Have a question about this project? Sign up for a free GitHub account to open an issue and contact its maintainers and the community.

By clicking “Sign up for GitHub”, you agree to our terms of service and privacy statement. We’ll occasionally send you account related emails.

Already on GitHub? Sign in to your account

RNA-Seq Workflow v2.0 #1

Merged
merged 38 commits into from Oct 2, 2019
Merged

RNA-Seq Workflow v2.0 #1

merged 38 commits into from Oct 2, 2019

Conversation

@claymcleod
Copy link
Contributor

claymcleod commented Jun 24, 2019

@claymcleod claymcleod requested a review from lnason Jun 25, 2019
@claymcleod claymcleod self-assigned this Jun 25, 2019
@snewmanStJude

This comment has been minimized.

Copy link

snewmanStJude commented Jun 26, 2019

no idea what fq lint is

Previously, we were filtering out anything not matching "level 1" or "level 2" from the gene model:
The point of the gene model is to assist with the alignment. We shouldn't really be filtering out stuff at this stage.

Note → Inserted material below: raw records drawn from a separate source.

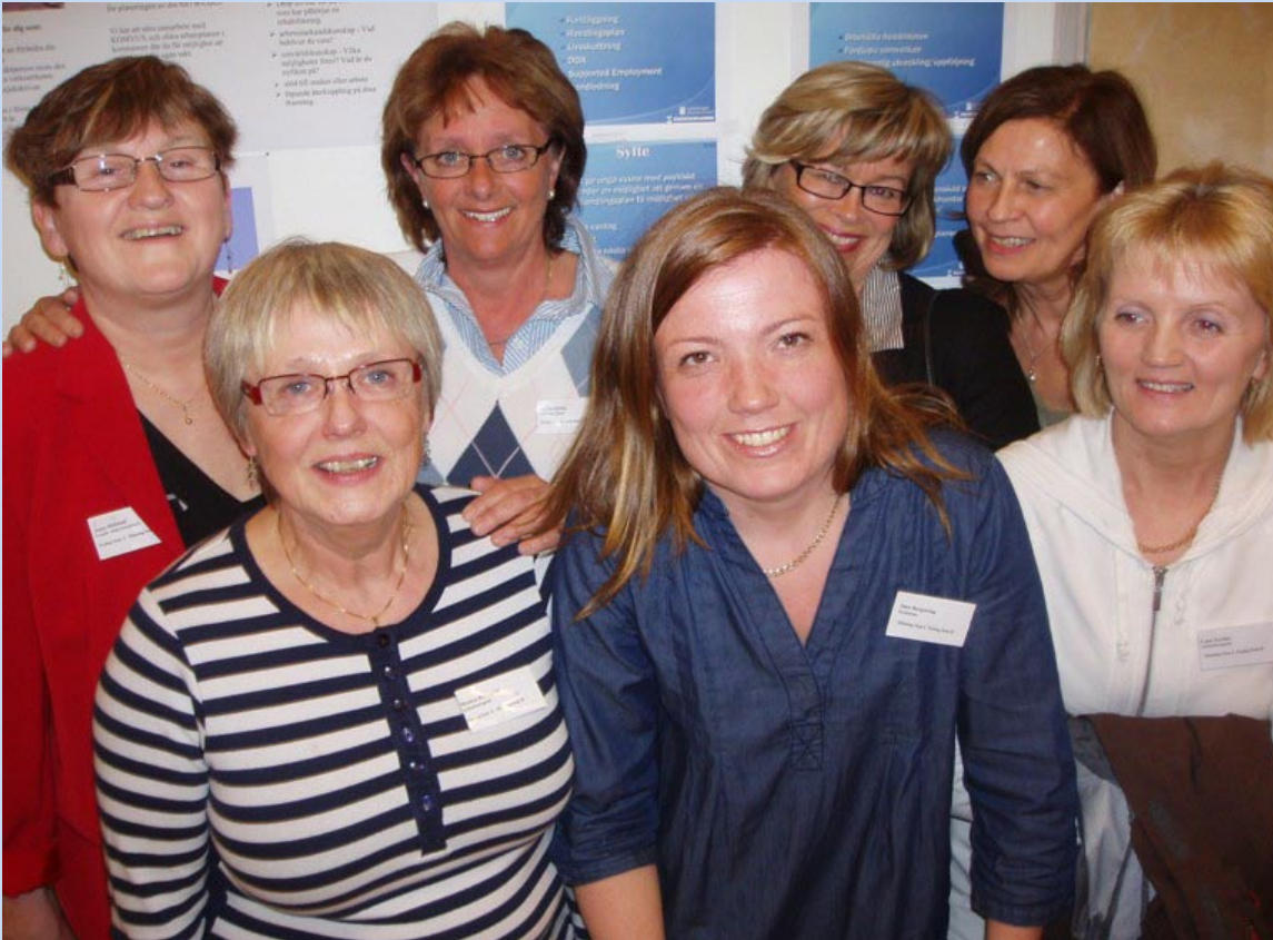
Konferensdeltagare från BASp i Örnsköldsvik.

Konferensen arrangerades av Socialpsykiatriskt forum, i samarbete med Socialstyrelsen, Sveriges kommuner och landsting, ÅSA-nätverket, RSMH, Fontänhusen Sverige, SKOOPi och Ersta Sköndal Högskola.
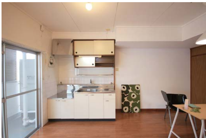
□広々としたキッチンスペース
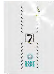
SANY SAFE L
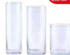
Vasen-Set, 3-tlg., 27x8cm, 25x10cm, 15x12cm
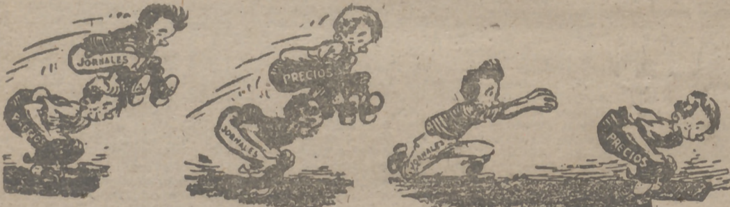
"Los niños juegan al burro", historieta recogida del "New York times".
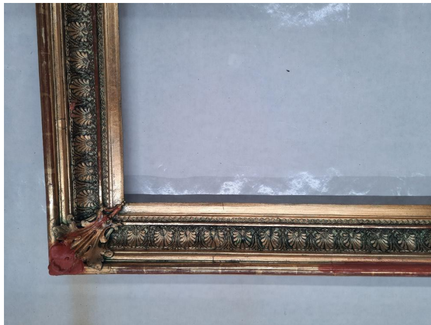
Stav rámu po odstranění přemaleb a zajištění uvolněné modelace. Doplnění chybějících prvků plastické výzdoby zdobného rámu.
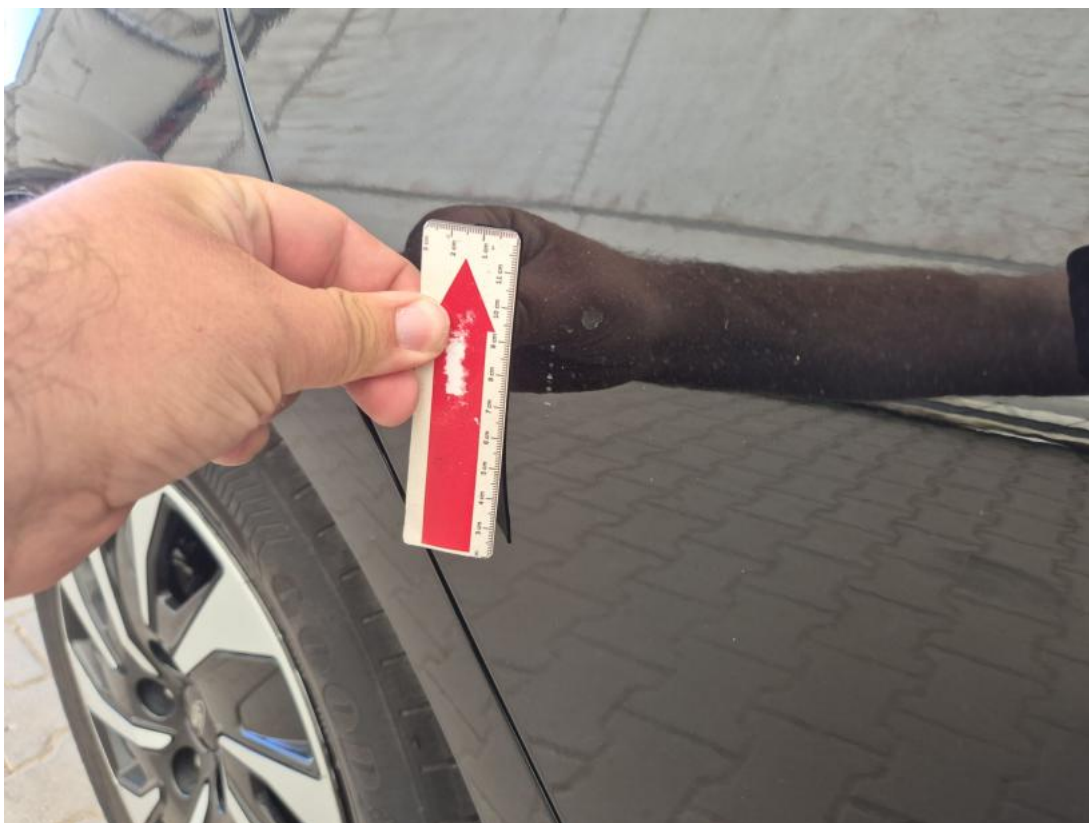
Fot. 43 Drzwi tylne P - zdjęcie poglądowe 1
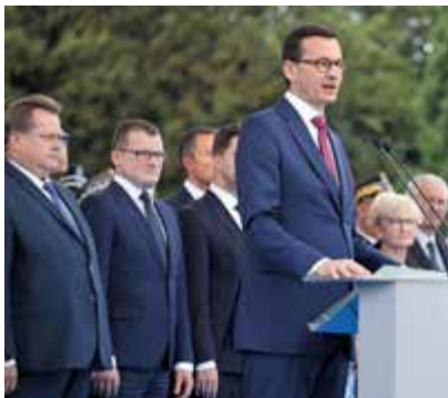
Głos zabrał premier Mateusz Morawiecki

do domu, wreszcie bezpieczny. Bo praca w Policji, służba, wiąże się z nieustannym ryzykiem, które świadomie podejmujecie po to, by dawać siebie innym.
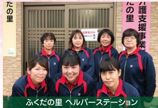
ふくだの里 ヘルパーステーション
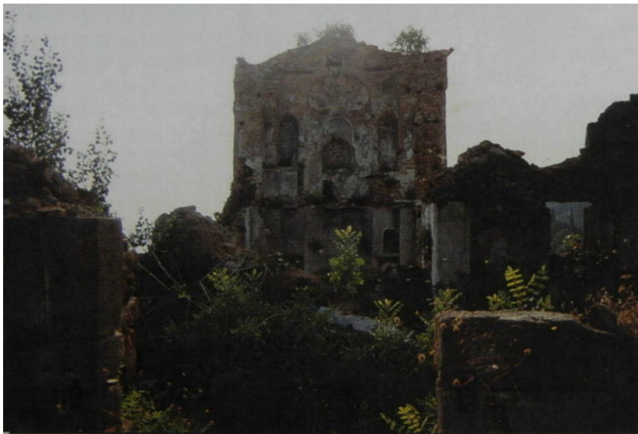
Ὁ δυόροφος Ναός τοῦ Κελλίου μετὰ τὴν πυρκαγιά.
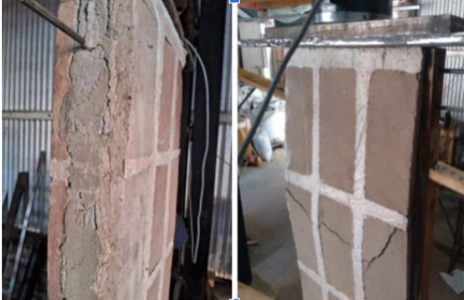
Figura 5. a) rotura del muro BENO. b) rotura del muro BENO-BTC.

produce el colapso (3,48 MPa) y la carga cae a 16500 kgf mostrando una falla en el mortero de unión del encadenado, figura 5a. Los muros BENO-PET y BENO-APR, mostraron valores bastante similares de resistencia, por encima de los 3 MPa, como así también del tipo de falla en la zona del encadenado superior. El caso más relevante fue el del muro BENO-BTC, que mostró un valor significativamente menor a los demás. En este caso, a diferencia de los otros, la falla se produjo en las bovedillas de la segunda fila y no en el encadenado y el muro colapsó a 1,61 MPa, figura 5b.
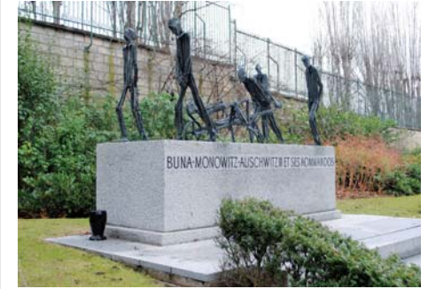
Cimetière du Père Lachaise 97 e division (Paris 20 e )
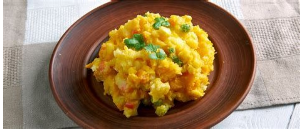
irio kikuyu (pois, PDT, maïs, banane verte)
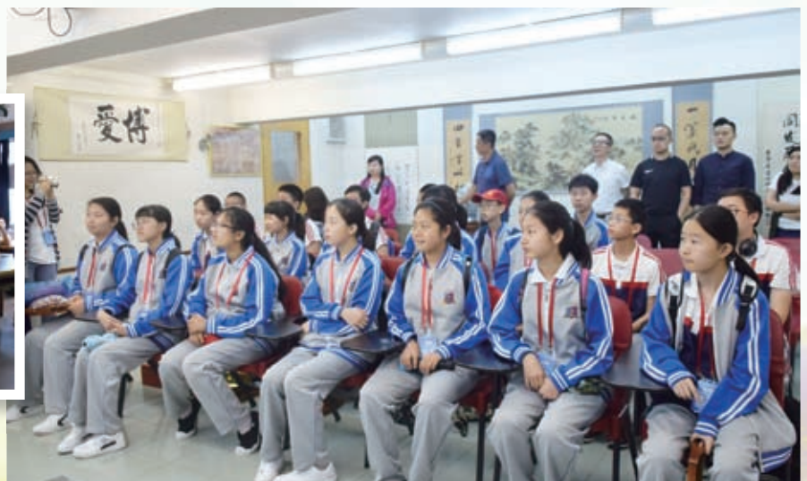
豐台八中的同學在文化室聚精會神地聽講

Some of the GATK and Picard tools have stringency setting. Check whether one exists for ValidateSamFile. The risk is that GATK-based tools will crap out downstream if the bam file isn;t "just so"

--sjdbOverhang 125 check that this makes sense for our data

Split BAM file into multiple BAMs on the different read groups: Why are we doing this? We only want to give STAR a single pair of fastqs, don't we?

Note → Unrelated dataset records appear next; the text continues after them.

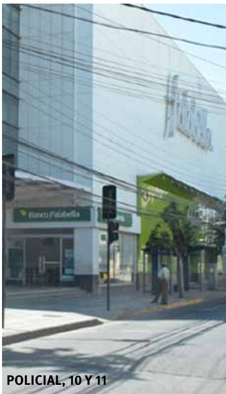
POLICIAL, 10 Y 11

Un inmueble quedó totalmente destruido a causa de un incendio ocurrido el sábado en la tarde, por el que siete personas quedaron damnificadas.
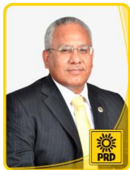
Dip. Jocías Catalán Valdéz.

“2013. Año del Bicentenario de los Sentimientos de la Nación”
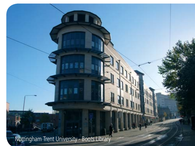
Nottingham Trent University – Boots Library

Příhlášku ke studiu naleznete ke stažení na www.bibs.cz .
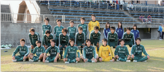
今年卒業の三年生勢ぞろい
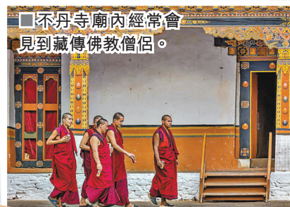
不丹寺廟內經常會見到藏傳佛教僧侶。

不丹虎穴寺 (Paro Taktsang) 最大特色是它坐落在其鬼斧神工的斷崖，建於海拔約3,120米的帕羅山谷懸崖壁上，呈現磅礴的懸空景色，它是藏傳佛教聖地、蓮花生大師降妖佛魔的傳說地，以驚險的建築構造和獨特精神信仰去弘揚藏傳佛教的世界十大名寺之一。
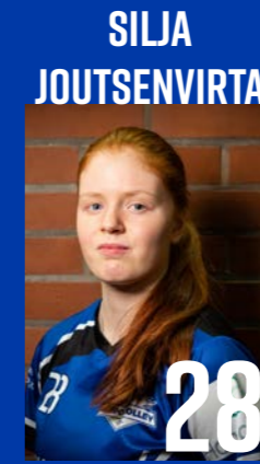
L | s. 2005
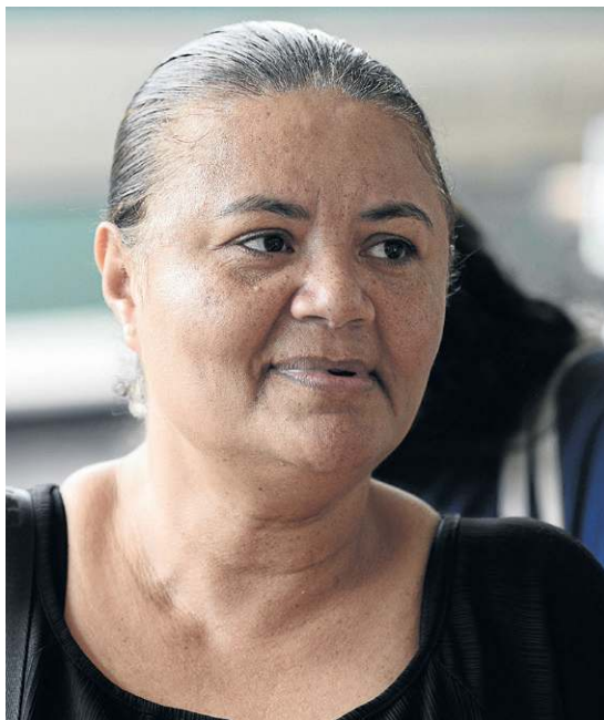
Ediniuza resolve as demandas em Brasília
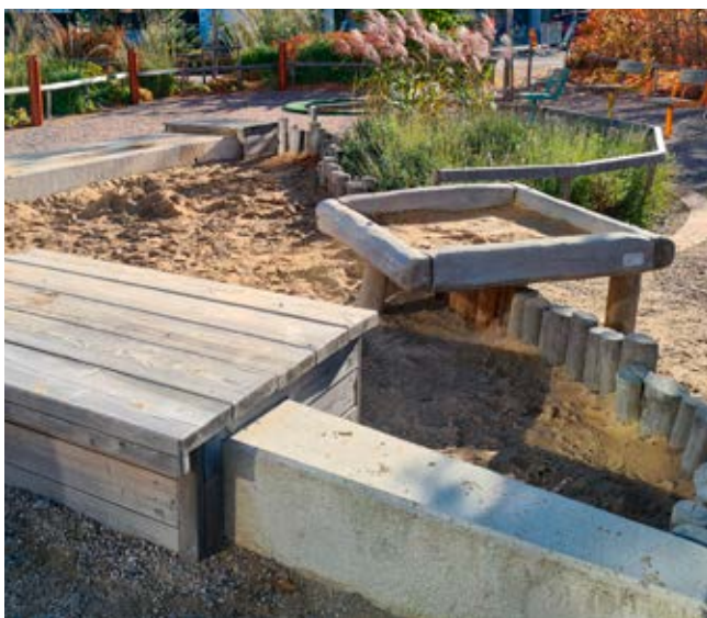
Del av sandlandskap med bakkbord som tillgängliggör leken för fler.

Våra skol-och förskolegårdar ska utformas för att alla barn ska kunna delta i lek och rörelse och få möjlighet till återhämtning utifrån sina förutsättningar och behov. Miljön behöver utformas för att ta hänsyn till olika behov av att vara social, olika förmåga att hitta fokus, se, höra och röra sig.
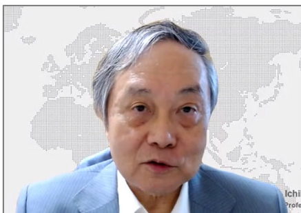
開会挨拶：市川宏雄 日本危機管理防災学会会長
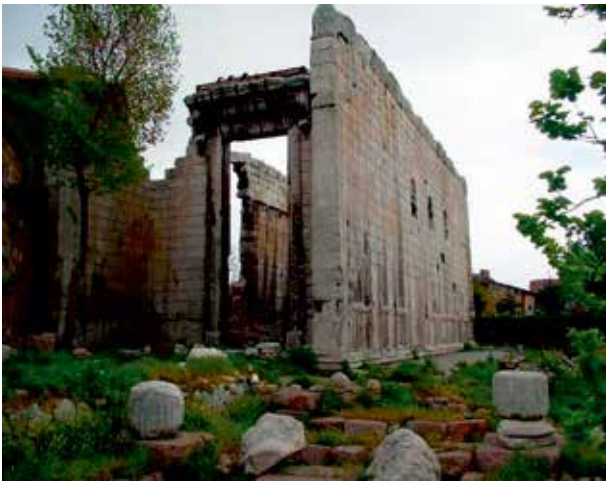
Tempel van Roma en Augustus in Ankara (Ancyra) dit is de zijmuur waarop de Griekse tekst van de Res Gestae stond

Tot slot werd over de hele lengte van de zijkant van de tempel een Griekse vertaling van de Res Gestae aangebracht. Dat die vertaling werd gemaakt, valt makkelijk te begrijpen. Grieks was de bestuurstaal in het oostelijke deel van het rijk, en zelfs onder de Griekse elite was de kennis van het Latijn gering. Door de Res Gestae in het Grieks te vertalen, liet men zien dat de tekst ook voor de Griekse provinciebewoners relevant was.
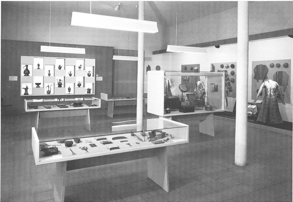
Blick in die 1971 eröffnete Ausstellung «Islamisches Kunsthandwerk» (vgl. S.105)
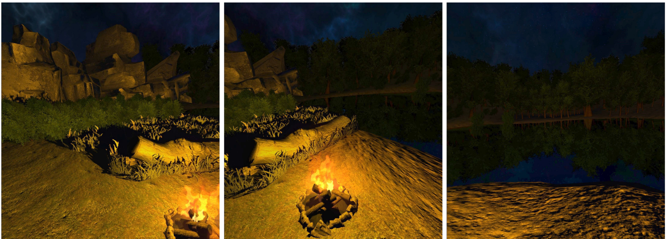
Illustration 3: De gauche à droite - vues de gauche, de face et de droite
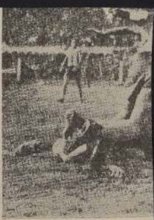
A LOS 7 MINUTOS.— Pin, z... cia, quiere tomar la pelota, p... el triunfo a Argentina sobre los 7 minutos de in...

Las astas aparecieron desnudas. Sólo una bandera flameó en el luminoso escenario: la de la Asociación Uruguaya. En cambio, las ovaciones atronaron el espacio, siendo de destacar que fueron más sostenidas al coincidir con la entrada de la visita. Cuando los adversarios realizaban sus ensayos frente a los arcos, se paralizaron de pronto para oír las canciones patrias de ambos países hermanos. En seguida los capitanes, en vez de flores, trocaron banderines. Los consabidos hurraes arrancaron los aplausos de siempre. La expectación crecía. Es que el público sabía de la mentalidad del once argentino y no estaba realmente convencido de que la selección celeste dispusiera de cohesión de pensamiento, de eficacia. Y los hechos confirmaron sus temores. En la cancha se vieron dos fuerzas distintas. Una de notable suficiencia, de notable compensación, de destreza máxima que, empero, padecía de un error fundamental: su carencia de control por parte de los delanteros en los tramos decisivos. De coraje y de afán. La otra, sin plan de juego, desahogada e incoherente en el sector ofensivo, se veía obligada a defenderse y lo hacía, en realidad, con visibles dificultades. Para el espectador imparcial, desvinculado de las cívicas, simplemente objetivo, el

Run picard MarkDuplicates on the STAR-aligned BAM file. What is GDC doing? Last I heard there is no consensus on whether to mark/remove duplicates from RNASeq data. So long as we mark and do not remove, I think it should be fine.

Why not add splice junction RNA-Peg and HTSeq/Salmon quantification here since you are already messing with the data, anyway. Same for coverage bw file. May as well get it all out of the way in one go. Or else, break these out in to a downstream module for secondary analysis.

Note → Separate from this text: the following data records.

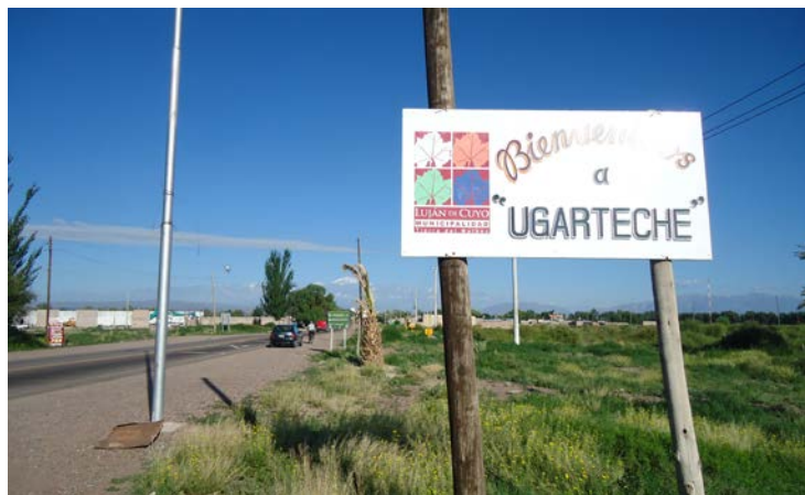
Figura 3. Localidad de Ugarteche y su carnaval

Durante la década de 1940 Ugarteche se convirtió en un polo de producción hortícola impulsado por algunas familias descendientes de europeos, que aprovecharon el tendido del ferrocarril y los
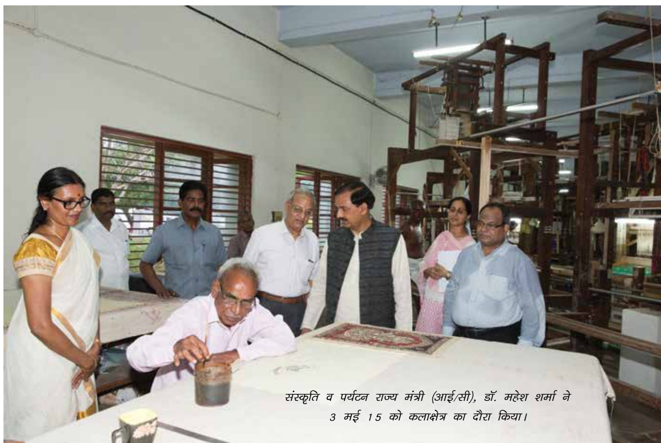
संस्कृति व पर्यटन राज्य मंत्री (आई/सी), डॉ. महेश शर्मा ने 3 मई 15 को कलाक्षेत्र का दौरा किया।
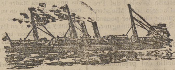
Tipo de los nuevos vapores de la Compañía.
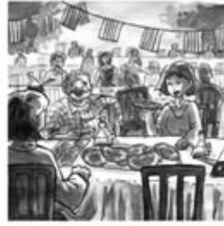
20. car ha treballat tot l'any per la sardana, amb afany.
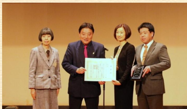
名古屋市 河村市長より表彰状と楯を 授与していただきました
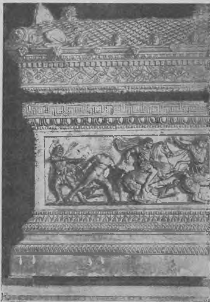
„Саркофаг Александра“. Деталь.

Using the full path in the header might be useful for forensic reasons in the future.

@claymcleod

This comment has been minimized.

Copy link
Contributor Author

claymcleod commented Jun 27, 2019

no idea what fq lint is

Michael Macias and I developed this tool to catch common errors we see in FastQ files. We use this to ensure the BAM to FastQ step worked properly.

Previously, we were filtering out anything not matching "level 1" or "level 2" from the gene model:
The point of the gene model is to assist with the alignment. We shouldn't really be filtering out stuff at this stage.

I'm of the same mind.

Some of the GATK and Picard tools have stringency setting. Check whether one exists for ValidateSamFile. The risk is that GATK-based tools will crap out downstream if the bam file isn;t "just so"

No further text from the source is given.